• **Brief**: Exclude the pictures, then repeat the remaining data exactly.

• **Given information**:
====
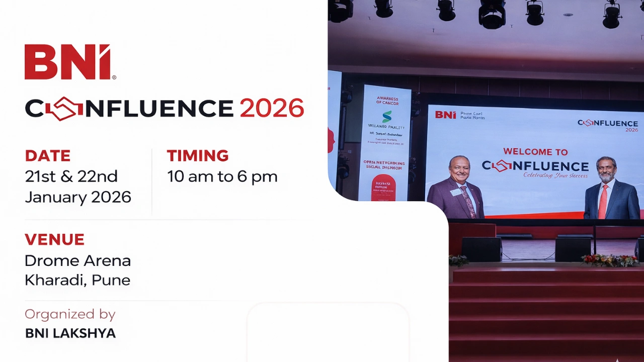 BNI Confluence 2026 is a flagship 2-day business networking and innovation summit organized by Confluence by Lakshya, representing the Pune East Region and Pune North Region. The event is strategically designed to create measurable business impact by bringing together decision-makers, entrepreneurs, and industry leaders on a single high-value platform.
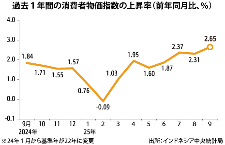 インドネシア9月CPIは2.65%上昇、食材が押し上げ経済マクロ経済統計NEW インドネシア中央統計局が1日に発表した9月の消費者物価指数(CPI、2022年=100)は108.74となり、前年同月比2.65%上昇した。上昇率は、前月に続き食材…
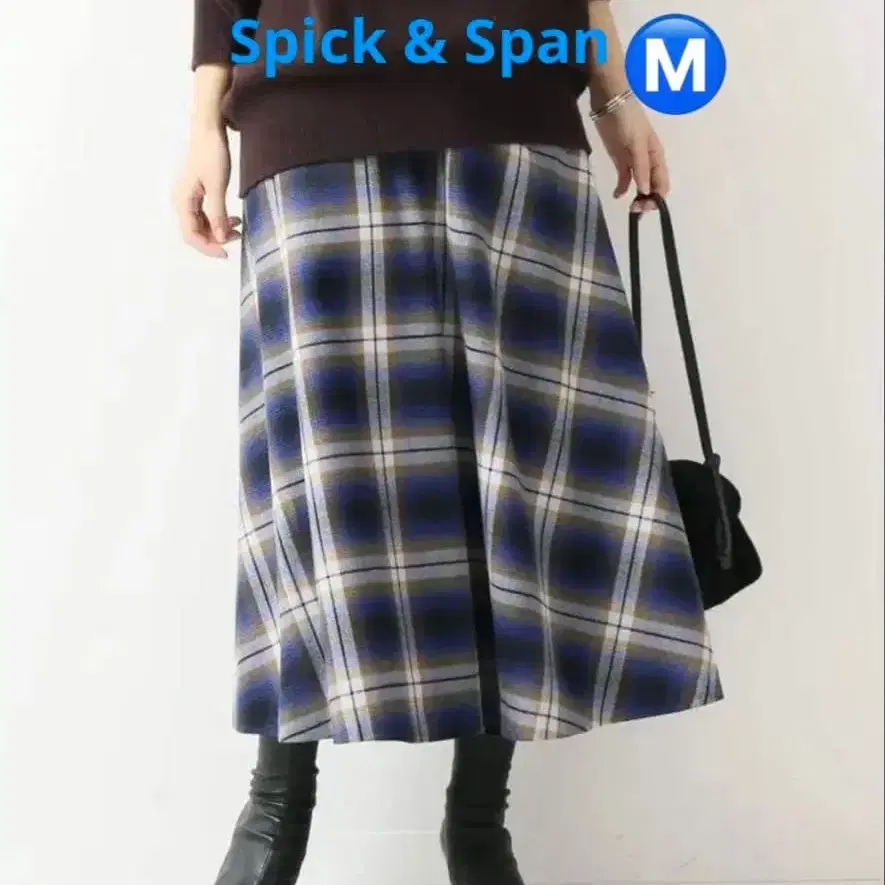 SpickandSpan 체크 소프트 플레어 스커트 모 혼방 사이즈 M
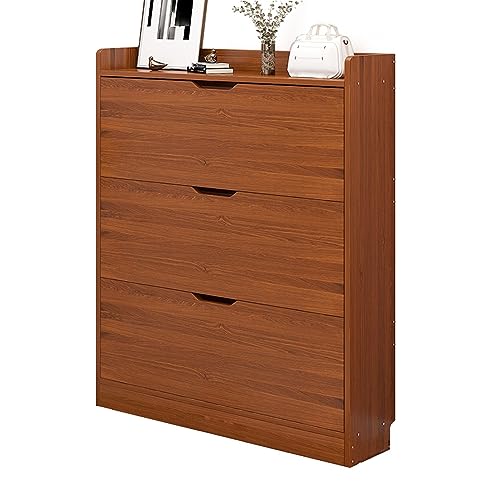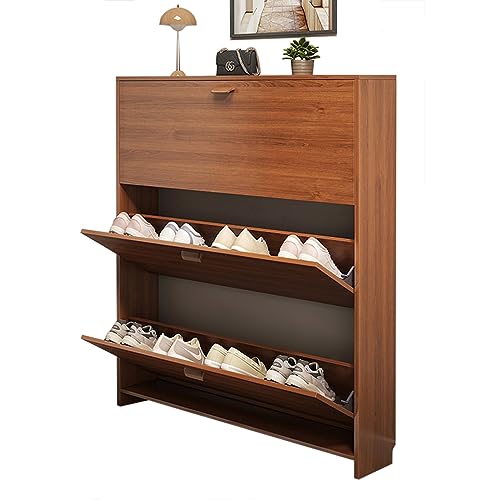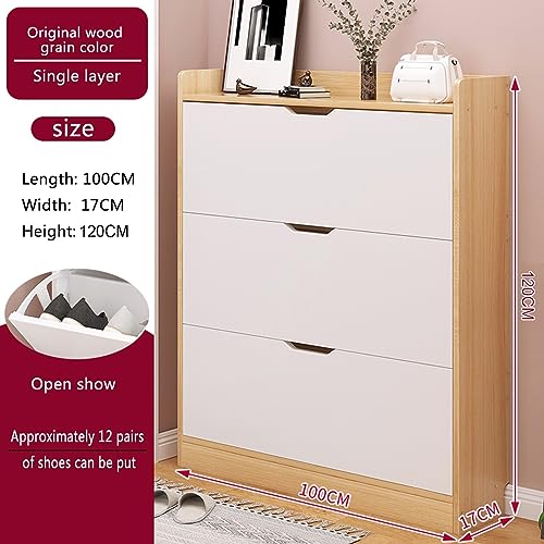 - 【Sufficient Storage Space】Overall sizes: 39.4”L x 6.7”W x 47.2”H. This entryway shoe storage cabinet has 3 flip drawers .this slim shoe cabinet can store up to 12/15 pairs of shoes (depending on their height and size). Additionally, the top surface and drawer are perfect for displaying picture frames, holding keys, wallets, and other small items.
====
• **Task solution**:
 BNI Confluence 2026 is a flagship 2-day business networking and innovation summit organized by Confluence by Lakshya, representing the Pune East Region and Pune North Region. The event is strategically designed to create measurable business impact by bringing together decision-makers, entrepreneurs, and industry leaders on a single high-value platform.
 インドネシア9月CPIは2.65%上昇、食材が押し上げ経済マクロ経済統計NEW インドネシア中央統計局が1日に発表した9月の消費者物価指数(CPI、2022年=100)は108.74となり、前年同月比2.65%上昇した。上昇率は、前月に続き食材…
 SpickandSpan 체크 소프트 플레어 스커트 모 혼방 사이즈 M
 - 【Sufficient Storage Space】Overall sizes: 39.4”L x 6.7”W x 47.2”H. This entryway shoe storage cabinet has 3 flip drawers .this slim shoe cabinet can store up to 12/15 pairs of shoes (depending on their height and size). Additionally, the top surface and drawer are perfect for displaying picture frames, holding keys, wallets, and other small items.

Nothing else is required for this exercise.